King Tut Day celebrates the day of the 1922 discovery, by archaeologist Howard Carter, of King Tut’s tomb in Egypt’s Valley of the Kings. Carter had first arrived in Egypt in 1891, but didn't start an in-depth search for King Tut’s tomb until after World War I. One reason the tomb hadn’t yet been found was because the steps to it had been covered and hidden with debris from the close-by tomb of Ramses VI. After discovering Tut’s tomb, Carter and another archaeologist, Lord Carnarvon, entered its interior chambers 3 weeks later, to find it remarkably intact. In the four-room tomb thousands of objects were discovered. These included a stone sarcophagus containing 3 other coffins inside of each other. Sort of a Russian doll of a coffin. Inside the final coffin — this one made of gold — was King Tut’s mummy. Most artifacts found in the excavation are now stored in the Cairo Museum. King Tut’s mummified body, still lies in his coffin.

King Tut’s full name was Tutankhamun. He was the 12th pharaoh of the 18th Egyptian dynasty, and reigned from roughly 1332 to 1323 BC, assuming power at the age of 9. His original name was Tutankhaten, which means “the living image of Aten,” but, after assuming the throne, he changed it to Tutankhamun, which means “the living image of Amun.” The difference? In Egyptian mythology “Aten” was merely the sun disk god. “Amun,” on the other hand, was a major god, sometimes called “King of the Gods.” Tut’s father was Akhenaten. He instituted a monotheistic religion where the only god that could be worshiped was Aten. During his father’s rule, focus was primarily on the religious transition, relegating foreign and other domestic affairs to the rear. After a 17-year rule, his son took over the throne. As King Tutankhaten, he worked to reverse his father’s policies and restore order, in a hope that all the gods would once again smile on Egypt.

It is not definitively known what led to Tut’s early death at 20. A long-held theory was that political rivals had killed him by striking him in the head. When found, there was damage to his skull. But a body scan in 2006 revealed the damage had happened after his death. Research suggests that he probably died from gangrene after suffering a broken leg. A 2010 study found that he had malaria and was disabled, which may have meant that he had to walk with a cane and was more susceptible to falls. Well, we at Kendal can all appreciate that.

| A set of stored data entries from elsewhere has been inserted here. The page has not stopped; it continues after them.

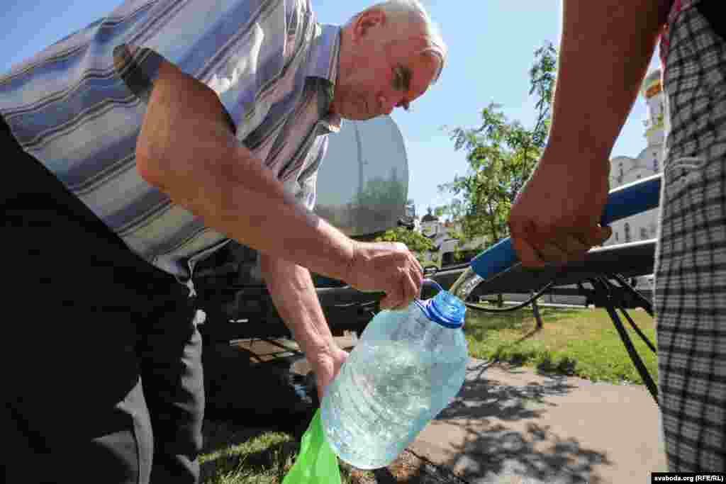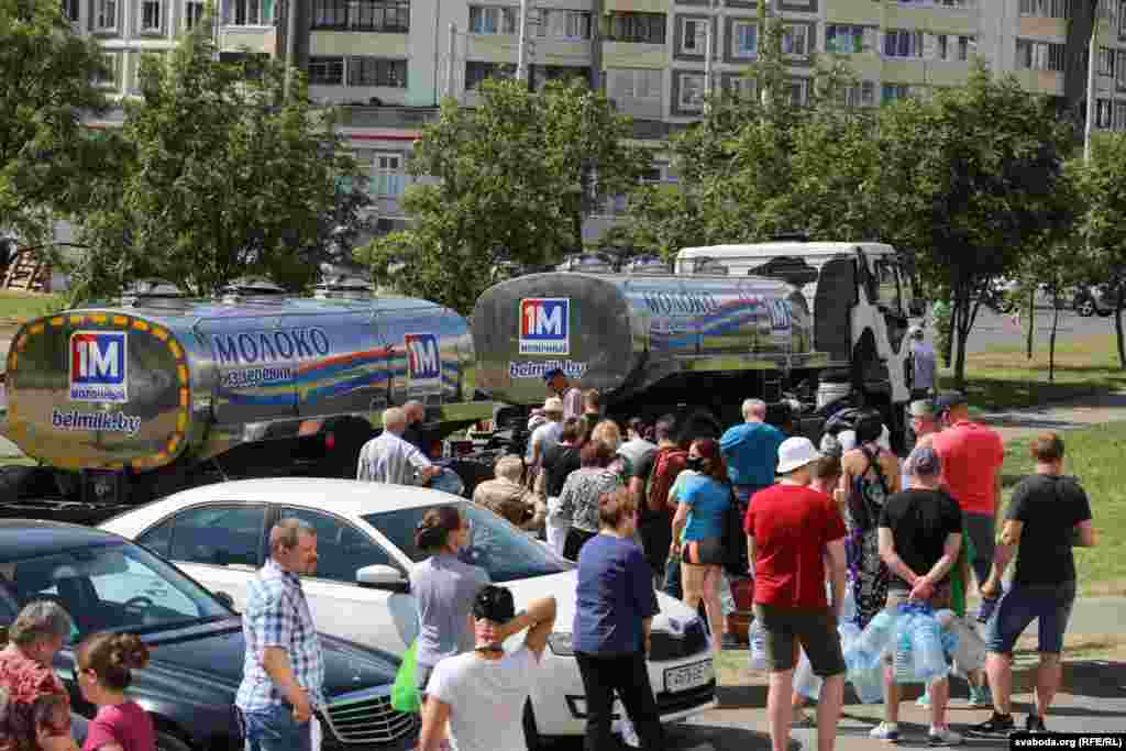 Другі дзень у Менску людзі стаяць у чэргах па ваду, якую падвозяць у розныя раёны цыстэрнамі. Праблемы зь пітной вадой у Менску пачаліся раніцай 24 чэрвеня: жыхары раёнаў, дзе ў кранах цячэ вада зь Вілейска-Менскай воднай сыстэмы, адчулі непрыемны пах, скардзіліся на непрыемныя адчуваньні на скуры, калі такой вадой памыцца.
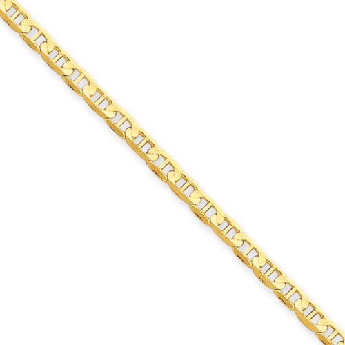 -. Feature : Polished 14k yellow gold design / 3mm in width / Closes with a secure lobster clasp / Solid link, concave anchor style / Includes our custom gift box
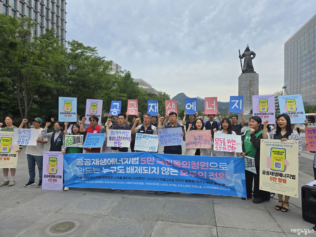 청원인은 태안화력발전소 노동자인 이태성 공공운수노조 발전비정규직연대 집행위원장이다. 이 집행위원장은 올해 말부터 석탄화력발전소 폐쇄가 본격화하며 고용불안에 내몰린 비정규 노동자와 민영화된 에너지 시장, 기후위기 대책 필요성을 절감하며 청원에 나섰다. 그는 “전력공급은 국민의 기본적인 권리와 직결된 공공서비스로 전력생산과 공급은 투명성과 책임을 높여야 한다”며 “민간기업은 공익보다 수익성을 우선해 운영하기 때문에 재생에너지는 공공이 주도해야 한다”고 밝혔다. 이어 그는 “기후재앙과 폭염·폭우로 위태로운 삶이 지속되는 가운데 공공재생에너지 청원에 함께한 시민들께 감사인사를 전하고 싶다”며 “공공재생에너지라는 새로운 희망을 품으며 발전노동자는 기후위기를 심화하는 노동을 거부하고, 우리 손으로 삶의 터전인 석탄화력발전소를 폐쇄하려 한다. 이제 국회가 답해야 할 때”라고 강조했다.
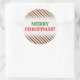 This round Christmas sticker design features a pattern of red, white and green stripes. These are colours commonly associated with Christmas. It also features the warm greeting, "MERRY CHRISTMAS!", in red and green coloured text. [~Z0000114]
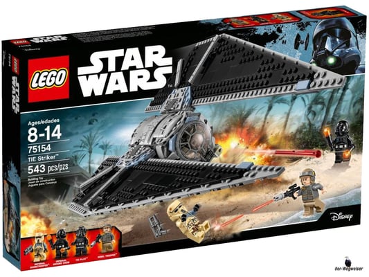 Rebellen. Der TIE Striker Verfügt über grosse verstellbare Flügel, ein von vorne und von oben zugängliches Minifiguren-Cockpit und ein aufklappbaren Heckstauraum sowie zwei
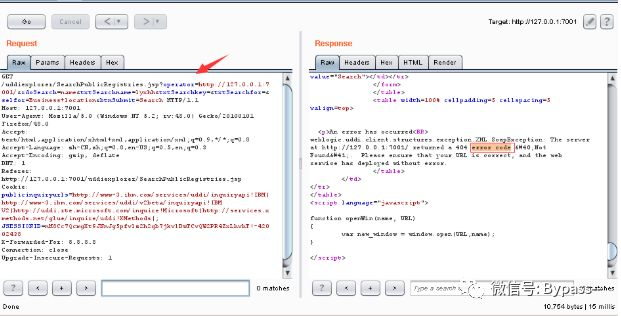 参数operator为SSRF的可控参数,将其更改为开放的端口,如http://127.0.0.1:7001/,将返回error code

NOVEMBER 5: ZERO TASKING DAY

Zero Tasking Day is celebrated on the first Sunday in November every year — November 5, this year — the same day that Daylight Savings Time ends. Suddenly, we have a whole extra hour. It’s temping to get a few extra tasks in. Zero Tasking Day encourages us to ditch that attitude.

Daylight savings was created to enable individuals who follow a clock-based schedule to get as many things done with the seasons’ ensuing changes (shorter days, longer nights). The clock would be changed on the same day at the same time to be an hour ahead. That way, people would have more hours during the day.

Daylight Saving Time ends on this day, when we turn our clocks back and “gain” an hour. Author Nancy Christie had the idea that instead of using the gained hour for more work and stress, we should instead be using it to “take a breath, relax, reenergize, refresh and deload.” According to Christie, we shouldn't be playing catch-up on tasks. Instead, we should do nothing — nothing except a little soul searching and reflection. She said we should stop and breathe and marvel at our own existence. We should reflect on and look at the world around us and place ourselves within it with a sense of peace. We should use the day to strengthen ourselves and be kind and nurturing to ourselves, so we are better able to help others, and so we will be more equipped to reach our own goals. Definitely sounds like a plan.